Instead of focusing on the colour I was dealt, I fired my hairdresser.
...And it felt really good!
Saturday, March 23, 2024
SQUIRRELING MY NUTS
It's that time of year again, where I look to the jar of nuts I have squirreled away all winter and decide how many of those precious gems I am going to spend on each venue, creating a great 2024 concert season.
Since starting my newest position two and half years ago, I have gotten into the habit of transferring the monies I am paid to do site visits and inspections into a savings account. Knowing full well, that those dollars/nuts will be earmarked for more bucket list tickets.
Because he is in such demand, and focuses primarily on playing football stadiums, my No Shoes Nation buddy won't be headed north of the boarder anytime soon. So, I knew eventually hopping a plane to see him perform was going to be a must.
Then, shortly after Jimmy Buffet passed, and he and fellow parrot head Zac Brown decided to join forces for their Sun Goes Down Tour. I immediately began making plans to head to into downtown Chicago for our wedding anniversary in June.
Though not a concert, the next tickets to be added here will be for my hubby. A 1pm start on June 14th at Wrigley Field (Cubs vs Braves) TAKEN: MARCH 21st, 2024 |
Saturday, February 17, 2024
TAMING MY TRESSES
You never know who you're going to want to kiss walking Broadway in Nashville! #imabigfan TAKEN: OCTOBER 10th, 2024 |
Not the most earth-shattering news I have ever shared here - but in this instance, my hair was the longest it had ever been in my life. The truth is I hadn't allowed anyone or anything near my tresses (except my very dull kitchen scissors) since that tearful day last May when I fired my hairdresser.
To be honest, I did wait a couple of days after a Edweena Scissorhands and her barrel of bleach did their deed, before posting about it here. All these months later, my disappointment in what was promised versus what was delivered still really pisses me off!
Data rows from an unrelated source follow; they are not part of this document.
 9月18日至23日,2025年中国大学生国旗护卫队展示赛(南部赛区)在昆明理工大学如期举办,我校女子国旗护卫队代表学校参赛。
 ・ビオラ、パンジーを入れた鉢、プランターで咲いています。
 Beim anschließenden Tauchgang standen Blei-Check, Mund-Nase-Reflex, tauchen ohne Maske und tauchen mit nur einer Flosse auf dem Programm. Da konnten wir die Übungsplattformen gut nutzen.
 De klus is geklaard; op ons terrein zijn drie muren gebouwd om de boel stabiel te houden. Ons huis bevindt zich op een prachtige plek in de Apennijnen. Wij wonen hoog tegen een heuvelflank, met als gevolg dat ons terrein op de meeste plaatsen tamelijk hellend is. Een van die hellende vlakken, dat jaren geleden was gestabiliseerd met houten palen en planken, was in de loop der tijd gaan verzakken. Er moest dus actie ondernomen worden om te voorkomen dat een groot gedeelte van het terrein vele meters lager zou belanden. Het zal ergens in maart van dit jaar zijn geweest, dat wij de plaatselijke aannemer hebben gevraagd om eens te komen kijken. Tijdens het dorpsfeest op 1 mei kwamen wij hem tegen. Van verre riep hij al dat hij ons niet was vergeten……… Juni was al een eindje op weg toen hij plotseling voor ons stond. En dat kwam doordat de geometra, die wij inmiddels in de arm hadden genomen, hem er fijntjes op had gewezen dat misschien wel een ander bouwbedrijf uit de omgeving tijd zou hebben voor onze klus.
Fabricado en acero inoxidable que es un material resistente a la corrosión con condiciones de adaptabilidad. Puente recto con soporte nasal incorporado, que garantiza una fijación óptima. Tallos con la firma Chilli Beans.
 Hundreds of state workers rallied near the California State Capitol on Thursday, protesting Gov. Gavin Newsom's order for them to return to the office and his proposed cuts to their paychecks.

Anyway, because my hair was already frail, I took a step back and except for root touch up spray to kill the glare, I let it rest for more than two months. Then, through online research, I discovered a natural gloss that washes out which I could apply to cover the blondeness; until my grey could grow out and be blended in with highlights.
You can tell by the picture I am sharing today that by last October, my hair was brittle and because of the overall weight of the length, it looked like crap. It didn't matter what I did. The thing that was once my best accessory, was looking like that super annoying cousin no one wanted to admit they were related to.
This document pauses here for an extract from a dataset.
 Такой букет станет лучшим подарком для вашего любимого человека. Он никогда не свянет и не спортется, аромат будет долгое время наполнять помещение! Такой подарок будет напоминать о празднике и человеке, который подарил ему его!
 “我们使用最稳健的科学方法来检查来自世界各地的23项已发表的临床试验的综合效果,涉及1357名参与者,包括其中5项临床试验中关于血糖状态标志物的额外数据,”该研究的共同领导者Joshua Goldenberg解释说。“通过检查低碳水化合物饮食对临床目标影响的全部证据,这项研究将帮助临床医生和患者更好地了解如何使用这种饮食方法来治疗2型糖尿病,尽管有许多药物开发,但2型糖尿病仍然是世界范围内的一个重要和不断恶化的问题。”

Wait, it gets worse. Without notice, my hair started coming out in large clumps in the shower and by the end of January it was significant. My buddy Google said that by repeatedly pulling my hair tightly on the top my head, it was most likely a type of hair loss called traction alopecia.
I knew it was time. My hair was so damaged that most everything below shoulder length needed to go. So it did. I told my new gal to get rid of everything that needed to go when she very diplomatically said, 'you can come back in a week and we can take more off, it really is best to do this in stages so you can get use to it.'
She was very empathetic to my journey, and she was absolutely amazing.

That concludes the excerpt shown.